According to a White House release, by lowering its annual mortgage insurance premium, FHA’s action will help homebuyers all over the country achieve homeownership by allowing borrowers to keep more of their money to afford home costs, especially with the pace of inflation decreasing slowly.
With the decrease in mortgage insurance premiums, the White House stated that FHA borrowers across the U.S. could see the following reductions:
- A family buying a home in Prince George’s County, Maryland, with a $300,000 mortgage will save $900 per year.
- A family buying a home in Detroit with a $200,000 mortgage will save $600 per year.
- A family buying a home in Cincinnati with a $300,000 mortgage will save $900 per year.
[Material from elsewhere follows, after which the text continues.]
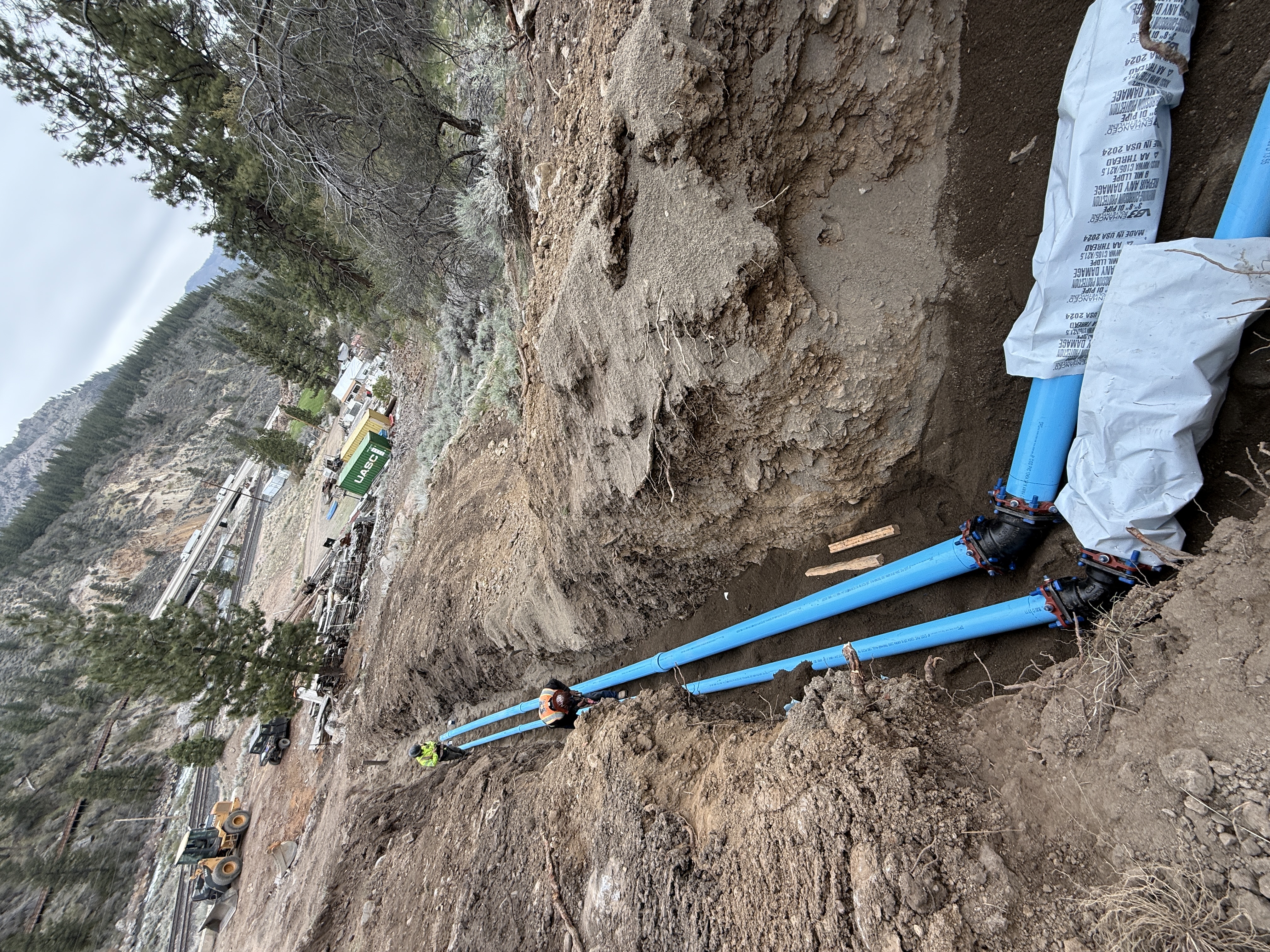 dirt trench and hillside overcast conditions equipment and vehicles staged around trench

- A family buying a home in Phoenix with a $400,000 mortgage will save $1,200 per year.
- A family buying a home in Austin with a $500,000 mortgage will save $1,500 per year.
The announcement comes a few months after the Mortgage Bankers Association (MBA), Manufactured Housing Institute (MHI), NAHB and the National Association of REALTORS® (NAR) sent a letter to the National Economic Council (NEC) urging them to support a reduction of the FHA’s MIP.
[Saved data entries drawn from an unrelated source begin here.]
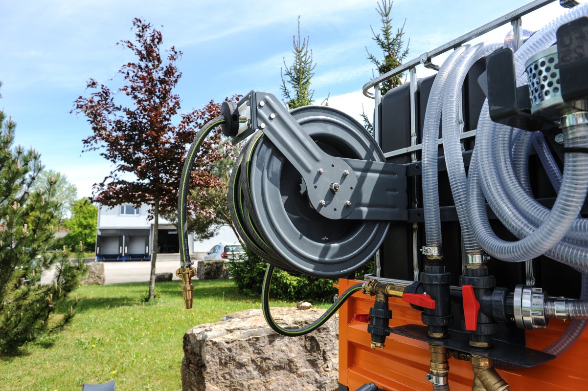 Das System mit IBC-Tanks ist schnell einsatzbereit, unabhängig von fester Wasserversorgung und ideal für wechselnde Einsatzorte.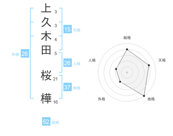 上久木田 桜樺さんを姓名の画数から五運を鑑定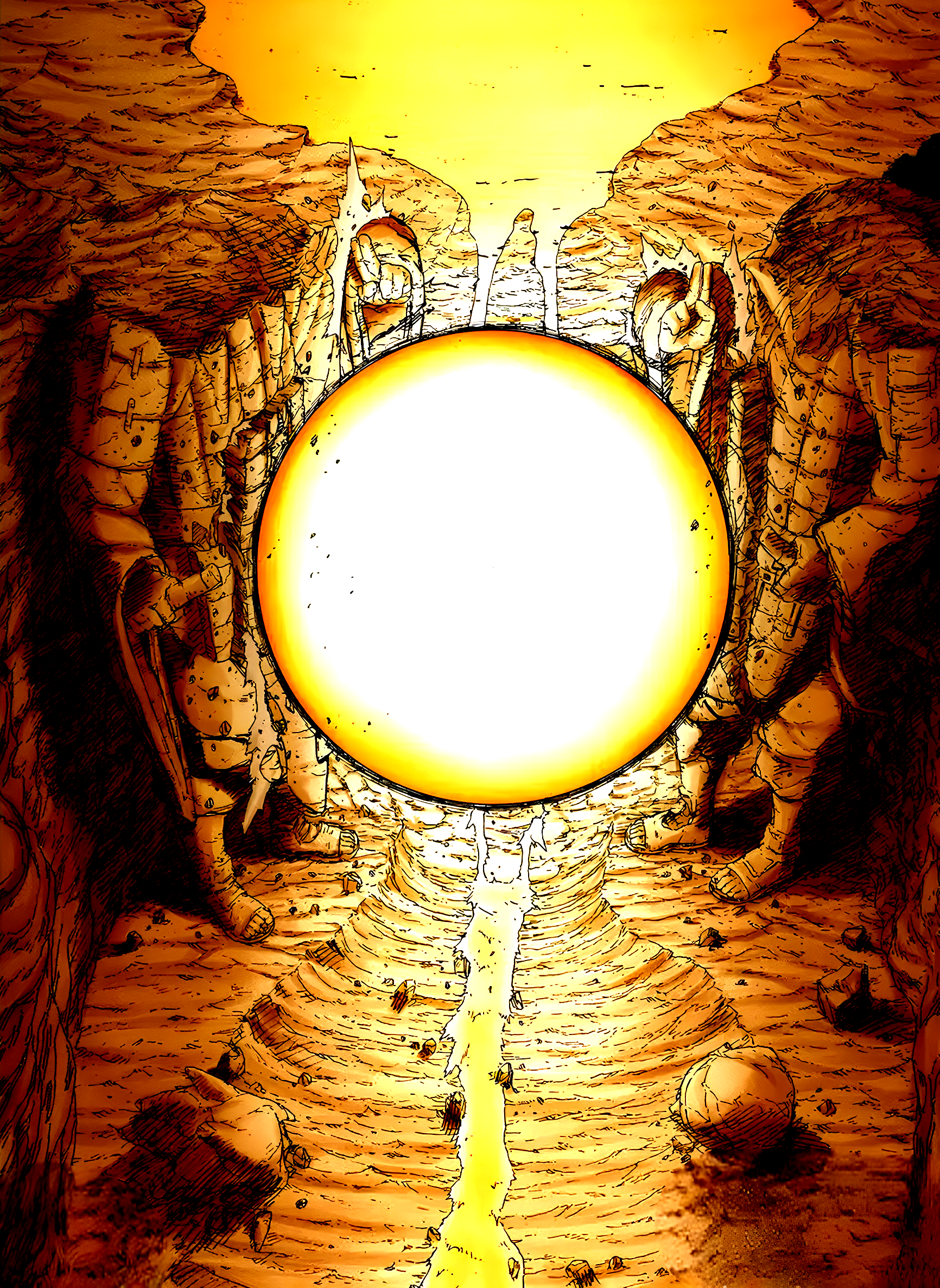 Команда - со стороны Господина Мадары. Наруто - у почтившего памятника Хаширамы.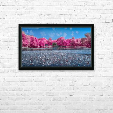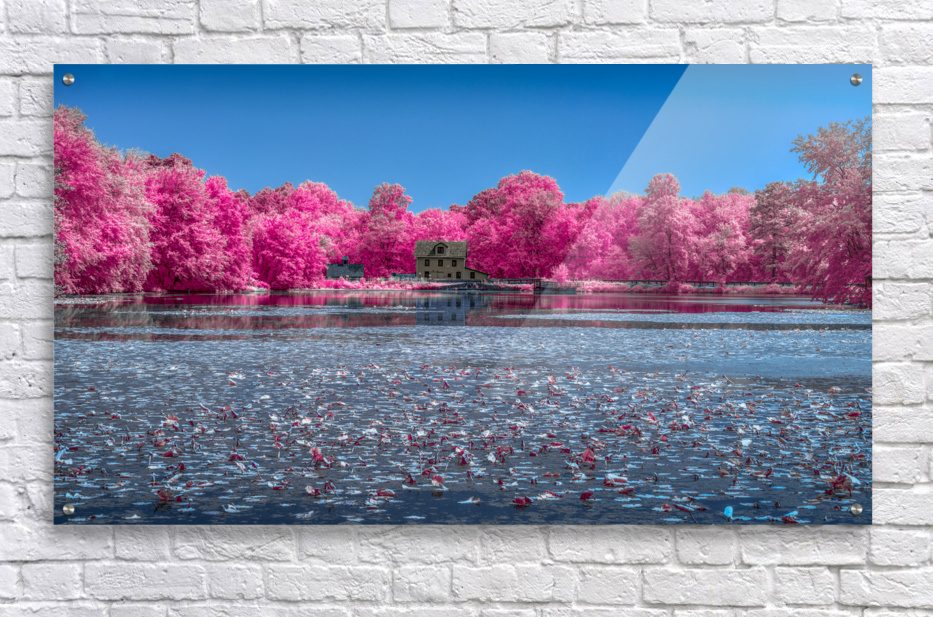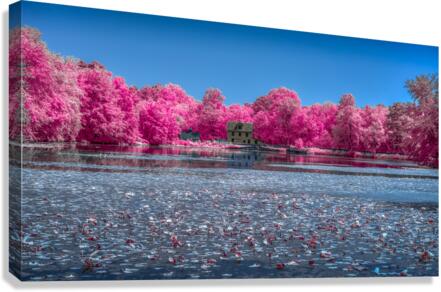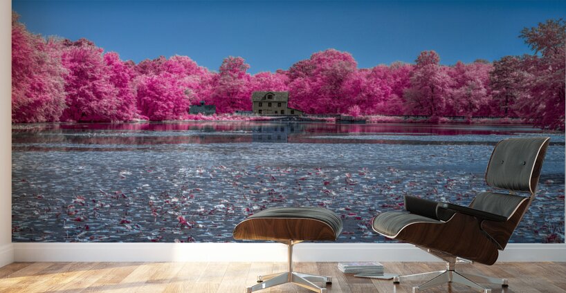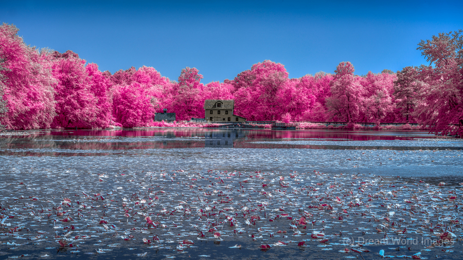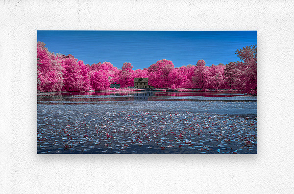 An infrared view across a pond to Abbotts Mill Delaware.

The letter stated that “Lowering the MIP—with a focus on FHA’s recurring ‘annual’ premium—increases homebuyers’ purchasing power by reducing monthly payments and directly putting money into their pockets every month,” and that a reduction would also allow “borrowers the flexibility to spend on necessary items like food, gas, education and other monthly bills.”
NAR President Kenny Parcell commented that the announcement “strikes an appropriate balance between assisting homeowners and ensuring the capital reserve ratio and insurance fund remain strong.”
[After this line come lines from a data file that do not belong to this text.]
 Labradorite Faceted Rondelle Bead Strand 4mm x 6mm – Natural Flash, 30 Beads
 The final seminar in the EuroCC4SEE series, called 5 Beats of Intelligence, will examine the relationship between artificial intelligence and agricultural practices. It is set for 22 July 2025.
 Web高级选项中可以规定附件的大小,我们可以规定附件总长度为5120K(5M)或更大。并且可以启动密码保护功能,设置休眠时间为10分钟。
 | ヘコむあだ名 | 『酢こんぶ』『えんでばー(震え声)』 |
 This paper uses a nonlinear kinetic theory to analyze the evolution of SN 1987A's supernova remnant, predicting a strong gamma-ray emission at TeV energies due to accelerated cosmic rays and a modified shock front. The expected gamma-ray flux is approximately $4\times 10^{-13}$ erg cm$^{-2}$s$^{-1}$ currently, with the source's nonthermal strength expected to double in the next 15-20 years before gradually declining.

“NAR has continuously advocated for responsibly reducing mortgage insurance premiums to help qualified homebuyers struggling with affordability in the current environment, and we applaud the Administration for this action. Mortgage rates have doubled over the past year, and home prices have increased more than 30% in some counties,” said Parcell. “In this competitive market, new and low- to moderate-income buyers are often left behind. This reduction will help alleviate some of the financial stress those potential buyers encounter when purchasing a home and allow more people across the country to achieve the American Dream of homeownership.”
NAHB also commended HUD for the announcement, with NAHB Chairman Alicia Huey commenting that “With mortgage rates doubling over the past year, this action will boost the housing recovery and reduce the cost of housing for creditworthy borrowers, particularly first-time homebuyers. While the White House reports that this new premium structure will save homebuyers and homeowners an average of $800 per year, it will also help to ease tighter credit conditions in the mortgage market that are harming affordability.”
The premium reduction will take effect on March 20.